Franz Glaser (KN) schrieb:

Oder halt ein proper dimensionierter R in Reihe mit der Diode. Der Spulenstrom mal dem R ergibt die anfängliche Spannung. Man muss halt wählen zwischen Zeit und Spannung.

Ciao - Peter

Für Privat-Email bitte Betreff mit "Usenet-Reh" beginnen lassen. -- "Ein Mokka-Trüffel-Parfait mit einem Zitronencreme-Bällchen."

Peter Muthesius schrieb:

Na ja, den Spulenwiderstand nicht vergessen.

Hallo!

Matthias Baur wrote:

Das hängt weniger vom Relais, sondern mehr von seiner Ansteuerung ab.

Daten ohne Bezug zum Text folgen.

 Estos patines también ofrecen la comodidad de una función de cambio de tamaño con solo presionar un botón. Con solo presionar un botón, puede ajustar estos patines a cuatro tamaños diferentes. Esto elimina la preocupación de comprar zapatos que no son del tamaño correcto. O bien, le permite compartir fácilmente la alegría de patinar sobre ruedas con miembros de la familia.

Wenn zur Ansteuerung ein Transistor in Emitterschaltung verwendet wird, ja.

Wenn ein Emitterfolger (Kollektorschaltung) verwendet wird, und die Ansteuerung des Transistors selbst keinen hochohmigen Zustand kennt, nicht.

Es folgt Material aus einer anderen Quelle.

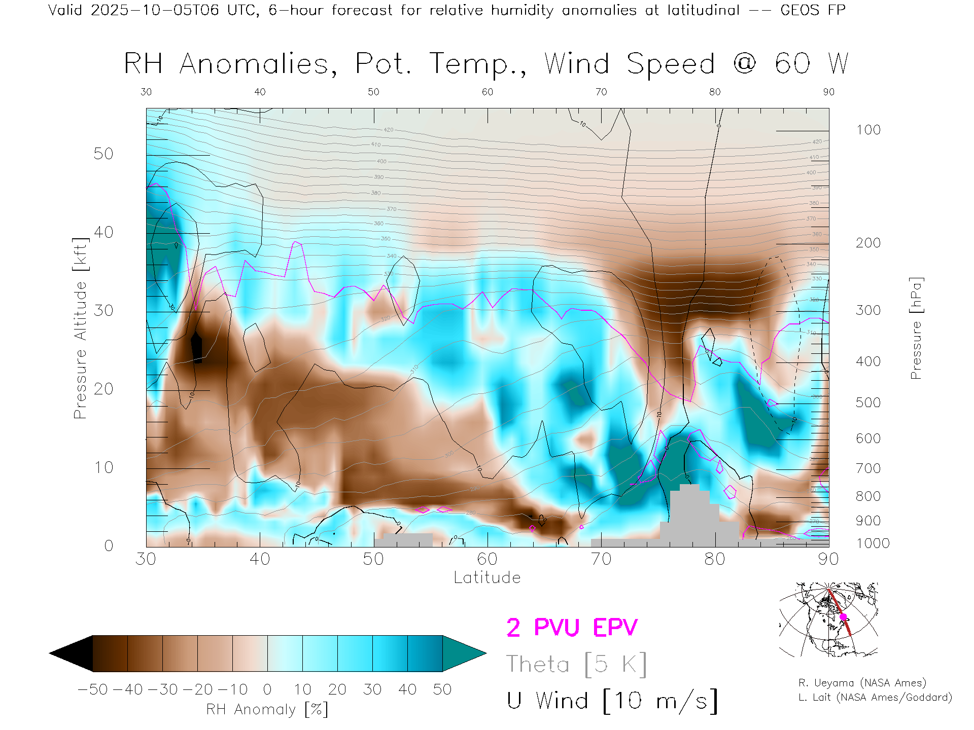 GEOS Forecast Rel. Hum. X-Section (60 W)

Wenn man einen MOSFET verwendet, der "Avalanche-rated" ist, normal nicht.

Schaden tut sie selten.

Gruß, Ulrich

Danke für Eure Antworten!

Ich glaube, ich werde dann lieber mal eine Freilaufdiode ergänzen ...

Gruß, Matthias

Damit wird zwar die Frage beantwortet, aber das Statement als solches ist nicht ganz korrekt.

1) Eine Spannugsspitze entsteht nur, falls Strom fliesst, kann also bei AC Ansteuerung vermieden werden, wenn man im Nulldurchgang des Stroms abschaltet. Das passiert etwa in "resonanten" Schaltreglern oder bei TRIAC-Ansteuerung, siehe etwa "snubberless Triac" oder Hi-com Triac. 2) Bei DC-Ansteuerung gibt es natürlich keine Spannungsspitze, wenn durch Kurzschliessen abgeschaltet wird. Dies ist etwa dann der Fall, wenn mit einem Emitterfolger angesteuert wird oder mit einer Gegentakt-Endstufe. 3) Eine Freilaufdiode oder andere spannungsbegrenzende Massnahmen (Varistor, Z-Diode, RC, RC plus Diode usw.) ist nur nötig, wenn das ansteuernde Bauteil die Spannungsspitze resp die im Magnetfeld gespeicherte Energie nicht verträgt. Bei den alten einfachdiffundierten Leistungstransis hat sich niemand Gedanken um eine Freilaufdiode gemacht, nur diese neue schnelle Zeuch hält ja nichts mehr aus... Kurzum, sehr viele Relais auf dieser Welt sind AC-Relais oder Schütze, die meisten davon plus auch zahlreiche DC-Relais werden durch mechanische Kontakte angesteuert. Bei AC geht Freilaufdiode eh nicht, mechanischen Kontakten ist die Spannungsspitze eh egal. Das mit "Freilaufdiode ist immer erforderlich" halt ich für übertrieben ;-).
mfg Rolf Bombach

Du hast recht. Sooo einfach laesst sich die Frage des OP nicht beantworten. Uebrigens ganz typisch fuer diese Newsgroup ;-)

Auch zwei ganz typische Arten, ein Relais anzusteuern. Wo verbraet Deiner Meinung nach der Emitterfolger die Energie?

Und in wievielen praktischen Faellen kommt somit die Freilaufdiode vor? Wir sprechen von einem Printrelais, nichts weiter ;-)

Gruesse

Christian

Hallo Franz,

Franz Glaser (KN) schrieb: [...]

das ist im Allgemeinen v=F6llig irrelevant. Schlie=DFlich will er das Relais vermutlich nicht mit 1KHz schalten ;-) Jedenfalls habe ich in industriellen Produkten bisher nur Freilaufdioden gesehen. Und es gab damit keinerlei Probleme. Also _ich_ w=FCrde eine 1N400X verwenden.

[...]

ciao Marcus

Also _ich_ würde nicht mit einem Emitterfolger ansteuern, die Idee kam nicht von mir. Emitterfolger mit Relais ist eine sehr schwingsichere Angelegenheit, wortwörtlich. Die Energie der Spule wird in der Spule verheizt, wie auch im Fall mit der Freilaufdiode. Beim Emitterfolger wird zusätzlich und unnötig während des Freilaufs I*U im Transi geheizt, in der Diode nur I*U_fluss.

In Amateurgeräten oft, in Industrieprodukten seltener. Da werden Ansteuer-ICs mit eingebauten Dioden verwendet (ULN2nnn, 754nn usw), oder Reed-Relais mit eingebauter Diode. Bei AC-Printrelais wird die Freilaufdiode oft nur kurzfristig eingesetzt.